We, all of us, are utterly dependent on him – he created us and the world we live in. Everything is under God’s care and seen by his gaze.
You see the sitting and the lying down of the billions, You see the setting and the rising sun of all our days, You mark our going and coming, our speaking and our silence. We cannot run from you, or hide from your all-seeing sight.
You hear our unspoken thoughts and understand our living and dying.You count our breaths, number our days and even know the hairs on our heads. Give us today that which we need, show us righteous paths, and make us weak enough to depend on you, and strong enough to flee our wrong desires.
We need to be dependent on him in our responses to the difficulties in our world. We are created to know him first, and in knowing him, to think and act in light of his thoughts, his word, and his ways. We are called to turn away from believing in ourselves and instead turn to Christ. We are called to follow Christ, who makes God known and solely gives sinful people the right to be called the children of God.
We need to allow ourselves to be disturbed by the complexities and pain in our world; disturbed to a level that we engage, pray, and follow God’s lead. Because it is as we engage with God that we remember who we are, who God is, and in this place, we can be comforted, empowered, and set free to proclaim his hope.
Oh true God overall gods, Give me eyes and ears and a heart for your word. You who has endless love and wisdom, open my mind to understand truth. Oh ever living one, breathe life into me again.
Story: Andy Shudall
Andy is the senior pastor at Titirangi Baptist Church.
Prayer is our Anchor
There has been a lot written about prayer and for good reason: prayer can be confusing and sometimes we don’t know what to pray! Let’s take a look at it.
The Bible has so many references to prayer, in all forms. Why might this be? Well, prayer is our personal soul language that we use to communicate with God. Prayer is the anchor for our souls. Prayer doesn’t need fancy language; it is what I call ‘anytime language.’ Anytime, anywhere. God knows all and he is interested in the real us, so be honest – talk to God if it’s been a stink day. Bring simple, honest heart prayers in your soul language to God.
I believe prayer is about exalting God for who he is. We can all fall into the trap of trying to exalt ourselves, but in prayer, we come first to exalt God. Jesus started off his teaching about prayer by exalting God: “Our Father in heaven, hallowed be your name” (Matthew 6:9). I find it can be easy to forget about thanking God, but this is also part of remembering who he is.

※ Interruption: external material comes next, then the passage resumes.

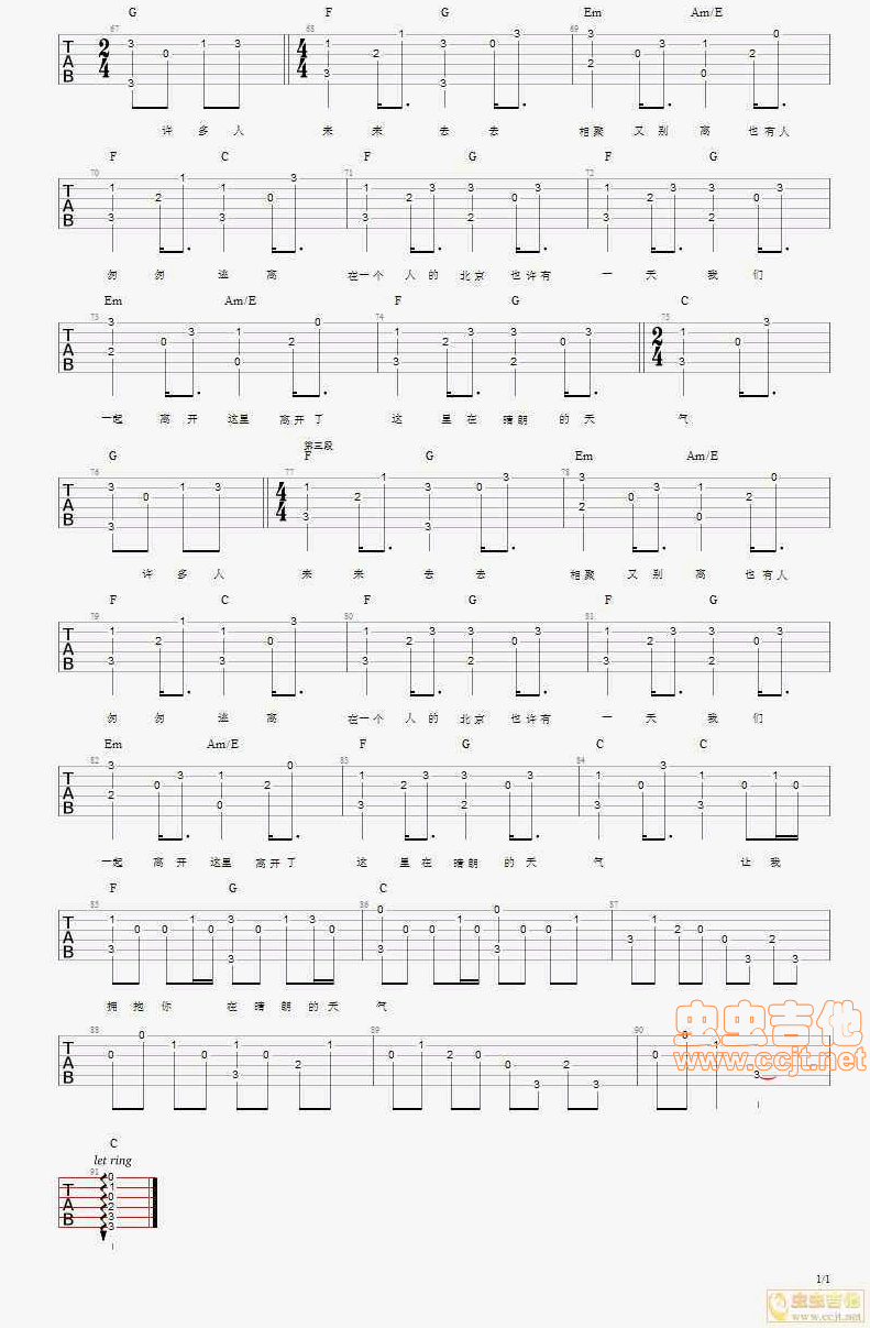 曲谱介绍: 《一个人的北京》吉他弹唱谱,共有4张高清图谱。

In prayer, we create space where God can change us (it isn’t about us trying to change God). But in thinking about this, it is important to point out that our prayers may not always bring the outcome we expect: we can’t fence God in. Ray Anderson writes: “Prayer is not a means of removing the unknown and unpredictable elements in life, but rather a way of including the unknown and unpredictable in the outworking of the grace of God in our lives.”(1)
Finally, and really importantly for us, we need to not get too distracted with doing things: the doing needs to make room for prayer. We can get so busy, even doing good things, that we leave prayer in the background. So ask yourself, does prayer have the central place in your life and your church?
Story: Roland Peapell
Roland is an elder at Napier Baptist Church who enjoys writing from life experiences to help others in their Christian walk.

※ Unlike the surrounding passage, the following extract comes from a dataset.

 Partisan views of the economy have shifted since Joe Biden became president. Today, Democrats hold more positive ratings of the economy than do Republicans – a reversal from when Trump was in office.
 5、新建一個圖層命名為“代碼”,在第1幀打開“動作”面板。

- Ray S. Anderson. 1991. The Gospel According to Judas. Colorado Springs. Helmers & Howard.
- Where have you found yourself overwhelmed?
- What does your response to bad news or the flood of information from the media and the web tell you about yourself?

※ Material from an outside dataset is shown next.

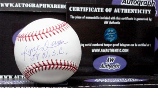 Ryne Duren autographed Major League Baseball inscribed 58 WSC comes with a Certificate of Authenticity along with matching tamper-proof holograms from Autograph Warehouse guaranteeing the authenticity of this hand-signed autograph. Each and every autograph is guaranteed for life to be authentic.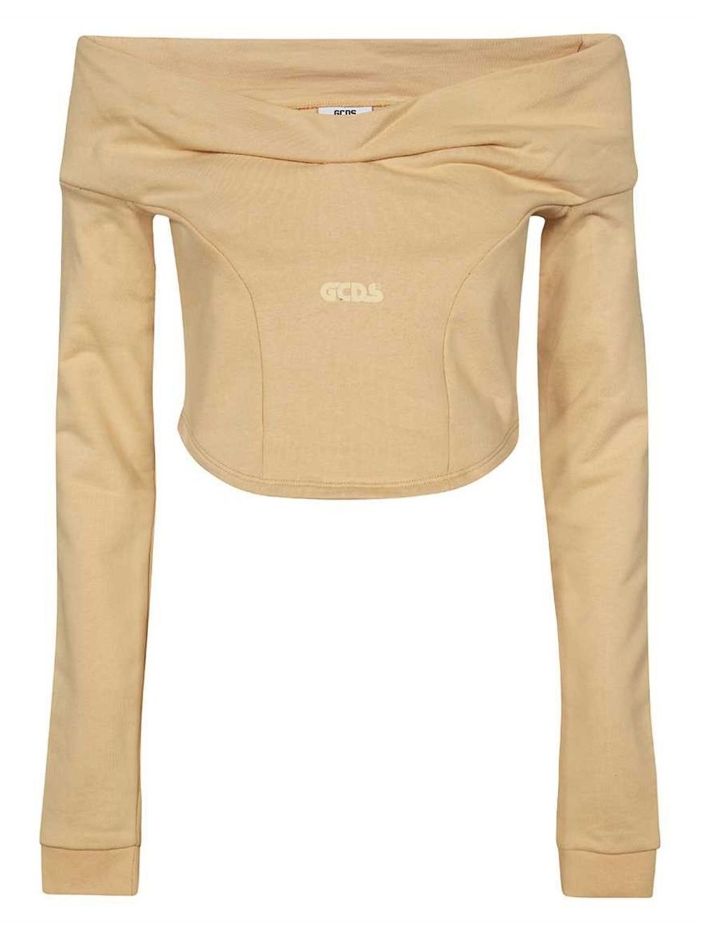 cotton top Highlights - Beige - Boat neck - Long sleeves - Logo print to the front - Cropped Imported Composition Cotton 100%

- What place does God have in your response?
- Take time to think about this phrase: “We need to allow ourselves to be disturbed by the complexities and pain in our world; disturbed to a level that we engage, pray, and follow God’s lead.”
- Roland talks about prayer using ‘anytime language.’ Have a look at the prayer from Matthew 6 and consider using this through your day in your ‘anytime language.’
- What is God calling you to do in everyday patterns of living to fulfil his answer to your prayers?
Photo Credit: Shaun Menary/lightstock.com
Scripture: Unless otherwise specified, Scripture quotations are from New Revised Standard Version Bible, copyright © 1989 National Council of the Churches of Christ in the United States of America. Used by permission. All rights reserved.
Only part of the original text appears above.